BRIEF: Return, word for word, only the lines of the data below that lie between the line with "- Przemyślana organizacja: Dwie" and the line with "ある大学の准教授によりますと", those two lines included.

(Stored records)

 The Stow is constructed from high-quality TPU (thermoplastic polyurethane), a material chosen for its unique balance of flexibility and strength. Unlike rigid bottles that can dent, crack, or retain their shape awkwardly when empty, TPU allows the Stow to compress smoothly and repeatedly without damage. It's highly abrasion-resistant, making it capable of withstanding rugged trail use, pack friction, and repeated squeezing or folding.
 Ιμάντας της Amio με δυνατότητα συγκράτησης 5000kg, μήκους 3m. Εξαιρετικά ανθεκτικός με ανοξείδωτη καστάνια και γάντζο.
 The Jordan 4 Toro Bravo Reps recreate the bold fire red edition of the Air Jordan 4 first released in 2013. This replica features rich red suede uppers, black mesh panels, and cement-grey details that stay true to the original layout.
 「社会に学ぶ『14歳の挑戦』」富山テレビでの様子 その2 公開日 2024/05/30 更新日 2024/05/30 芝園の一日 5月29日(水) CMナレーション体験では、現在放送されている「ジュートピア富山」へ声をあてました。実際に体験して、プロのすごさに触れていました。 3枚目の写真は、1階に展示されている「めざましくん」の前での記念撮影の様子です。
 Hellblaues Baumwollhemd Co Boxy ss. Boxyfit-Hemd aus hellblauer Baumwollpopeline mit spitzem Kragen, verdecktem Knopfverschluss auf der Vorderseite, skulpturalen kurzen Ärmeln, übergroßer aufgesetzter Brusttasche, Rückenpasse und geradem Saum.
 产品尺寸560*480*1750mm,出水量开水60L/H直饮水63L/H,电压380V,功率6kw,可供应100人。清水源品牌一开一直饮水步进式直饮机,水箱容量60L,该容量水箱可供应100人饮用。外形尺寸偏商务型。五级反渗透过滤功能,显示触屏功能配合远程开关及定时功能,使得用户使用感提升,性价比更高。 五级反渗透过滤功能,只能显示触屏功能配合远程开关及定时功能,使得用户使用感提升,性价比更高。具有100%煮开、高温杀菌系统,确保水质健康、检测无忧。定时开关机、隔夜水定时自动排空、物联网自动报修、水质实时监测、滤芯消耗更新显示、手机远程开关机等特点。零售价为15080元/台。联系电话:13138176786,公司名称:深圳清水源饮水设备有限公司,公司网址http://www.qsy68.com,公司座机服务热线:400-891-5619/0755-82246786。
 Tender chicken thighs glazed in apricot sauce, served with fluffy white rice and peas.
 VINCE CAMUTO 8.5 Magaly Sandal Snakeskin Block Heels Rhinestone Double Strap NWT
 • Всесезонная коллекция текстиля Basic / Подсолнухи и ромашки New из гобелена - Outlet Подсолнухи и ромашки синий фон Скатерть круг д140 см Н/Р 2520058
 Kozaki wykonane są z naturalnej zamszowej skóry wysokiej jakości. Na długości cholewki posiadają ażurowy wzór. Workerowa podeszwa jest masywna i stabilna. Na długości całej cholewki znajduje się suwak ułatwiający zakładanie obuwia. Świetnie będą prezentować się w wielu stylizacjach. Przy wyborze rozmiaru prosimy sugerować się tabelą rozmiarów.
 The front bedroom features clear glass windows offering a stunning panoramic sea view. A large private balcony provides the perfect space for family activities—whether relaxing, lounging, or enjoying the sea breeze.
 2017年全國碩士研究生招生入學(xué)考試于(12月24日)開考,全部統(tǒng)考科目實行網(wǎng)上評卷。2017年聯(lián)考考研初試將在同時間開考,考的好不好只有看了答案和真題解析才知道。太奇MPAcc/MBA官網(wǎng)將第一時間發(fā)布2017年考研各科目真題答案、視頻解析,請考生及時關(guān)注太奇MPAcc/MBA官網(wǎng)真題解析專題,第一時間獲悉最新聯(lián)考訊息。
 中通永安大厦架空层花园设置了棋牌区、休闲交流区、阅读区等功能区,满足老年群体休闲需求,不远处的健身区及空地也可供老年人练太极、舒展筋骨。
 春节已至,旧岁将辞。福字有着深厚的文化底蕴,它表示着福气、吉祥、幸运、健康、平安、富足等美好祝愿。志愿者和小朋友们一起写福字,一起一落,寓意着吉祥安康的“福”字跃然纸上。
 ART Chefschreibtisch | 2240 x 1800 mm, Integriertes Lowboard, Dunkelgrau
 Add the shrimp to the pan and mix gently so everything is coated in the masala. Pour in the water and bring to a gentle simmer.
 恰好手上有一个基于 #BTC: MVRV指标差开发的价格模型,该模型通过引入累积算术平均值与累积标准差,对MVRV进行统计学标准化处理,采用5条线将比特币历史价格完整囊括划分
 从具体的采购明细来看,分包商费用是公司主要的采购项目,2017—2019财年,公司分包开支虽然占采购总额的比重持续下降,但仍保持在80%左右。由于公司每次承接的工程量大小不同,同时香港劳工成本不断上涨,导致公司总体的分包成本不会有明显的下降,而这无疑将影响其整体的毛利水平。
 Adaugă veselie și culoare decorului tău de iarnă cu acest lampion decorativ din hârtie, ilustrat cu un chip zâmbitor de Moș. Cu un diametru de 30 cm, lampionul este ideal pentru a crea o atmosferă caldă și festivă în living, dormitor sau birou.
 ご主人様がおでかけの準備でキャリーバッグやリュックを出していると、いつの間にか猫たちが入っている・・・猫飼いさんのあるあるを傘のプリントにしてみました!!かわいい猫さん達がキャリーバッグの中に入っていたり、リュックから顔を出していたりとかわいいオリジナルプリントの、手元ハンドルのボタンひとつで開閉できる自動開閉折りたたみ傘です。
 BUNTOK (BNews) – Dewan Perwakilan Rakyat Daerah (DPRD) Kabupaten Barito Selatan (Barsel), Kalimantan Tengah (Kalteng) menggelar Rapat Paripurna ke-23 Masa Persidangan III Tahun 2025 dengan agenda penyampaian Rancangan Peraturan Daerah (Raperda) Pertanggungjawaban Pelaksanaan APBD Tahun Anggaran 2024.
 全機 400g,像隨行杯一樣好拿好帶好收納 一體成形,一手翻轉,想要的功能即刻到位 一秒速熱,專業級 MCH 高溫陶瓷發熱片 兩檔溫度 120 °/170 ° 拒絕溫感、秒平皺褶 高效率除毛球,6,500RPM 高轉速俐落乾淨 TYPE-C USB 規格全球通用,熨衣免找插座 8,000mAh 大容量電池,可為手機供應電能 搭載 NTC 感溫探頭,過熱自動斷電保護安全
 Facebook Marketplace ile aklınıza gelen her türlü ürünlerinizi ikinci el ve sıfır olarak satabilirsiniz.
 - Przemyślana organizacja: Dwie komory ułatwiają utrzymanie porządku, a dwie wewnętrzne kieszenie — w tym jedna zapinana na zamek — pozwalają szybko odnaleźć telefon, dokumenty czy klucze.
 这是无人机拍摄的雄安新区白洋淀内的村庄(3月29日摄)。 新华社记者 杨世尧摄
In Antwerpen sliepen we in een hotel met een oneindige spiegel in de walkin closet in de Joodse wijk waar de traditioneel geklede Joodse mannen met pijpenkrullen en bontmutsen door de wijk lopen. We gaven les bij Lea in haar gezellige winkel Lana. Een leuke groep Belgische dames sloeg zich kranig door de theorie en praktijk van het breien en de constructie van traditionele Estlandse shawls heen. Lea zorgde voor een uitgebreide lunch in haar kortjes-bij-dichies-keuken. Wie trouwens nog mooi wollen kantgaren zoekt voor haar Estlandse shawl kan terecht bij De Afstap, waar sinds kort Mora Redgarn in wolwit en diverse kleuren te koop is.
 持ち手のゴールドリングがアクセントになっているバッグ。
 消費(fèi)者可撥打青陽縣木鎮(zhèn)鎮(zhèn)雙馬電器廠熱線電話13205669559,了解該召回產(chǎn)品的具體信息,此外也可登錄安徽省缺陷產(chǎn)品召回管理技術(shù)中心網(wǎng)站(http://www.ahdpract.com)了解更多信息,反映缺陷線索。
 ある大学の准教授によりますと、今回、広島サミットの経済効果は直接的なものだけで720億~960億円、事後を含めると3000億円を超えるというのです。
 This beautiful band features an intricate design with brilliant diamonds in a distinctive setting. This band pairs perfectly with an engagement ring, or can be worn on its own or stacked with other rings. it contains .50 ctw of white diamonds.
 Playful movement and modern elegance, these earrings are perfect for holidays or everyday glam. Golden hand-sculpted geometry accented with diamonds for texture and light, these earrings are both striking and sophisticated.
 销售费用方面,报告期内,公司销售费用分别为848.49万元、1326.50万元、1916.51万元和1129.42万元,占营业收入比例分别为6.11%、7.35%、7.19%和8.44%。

RESPONSE TO THE EXERCISE:
 - Przemyślana organizacja: Dwie komory ułatwiają utrzymanie porządku, a dwie wewnętrzne kieszenie — w tym jedna zapinana na zamek — pozwalają szybko odnaleźć telefon, dokumenty czy klucze.
 这是无人机拍摄的雄安新区白洋淀内的村庄(3月29日摄)。 新华社记者 杨世尧摄
In Antwerpen sliepen we in een hotel met een oneindige spiegel in de walkin closet in de Joodse wijk waar de traditioneel geklede Joodse mannen met pijpenkrullen en bontmutsen door de wijk lopen. We gaven les bij Lea in haar gezellige winkel Lana. Een leuke groep Belgische dames sloeg zich kranig door de theorie en praktijk van het breien en de constructie van traditionele Estlandse shawls heen. Lea zorgde voor een uitgebreide lunch in haar kortjes-bij-dichies-keuken. Wie trouwens nog mooi wollen kantgaren zoekt voor haar Estlandse shawl kan terecht bij De Afstap, waar sinds kort Mora Redgarn in wolwit en diverse kleuren te koop is.
 持ち手のゴールドリングがアクセントになっているバッグ。
 消費(fèi)者可撥打青陽縣木鎮(zhèn)鎮(zhèn)雙馬電器廠熱線電話13205669559,了解該召回產(chǎn)品的具體信息,此外也可登錄安徽省缺陷產(chǎn)品召回管理技術(shù)中心網(wǎng)站(http://www.ahdpract.com)了解更多信息,反映缺陷線索。
 ある大学の准教授によりますと、今回、広島サミットの経済効果は直接的なものだけで720億~960億円、事後を含めると3000億円を超えるというのです。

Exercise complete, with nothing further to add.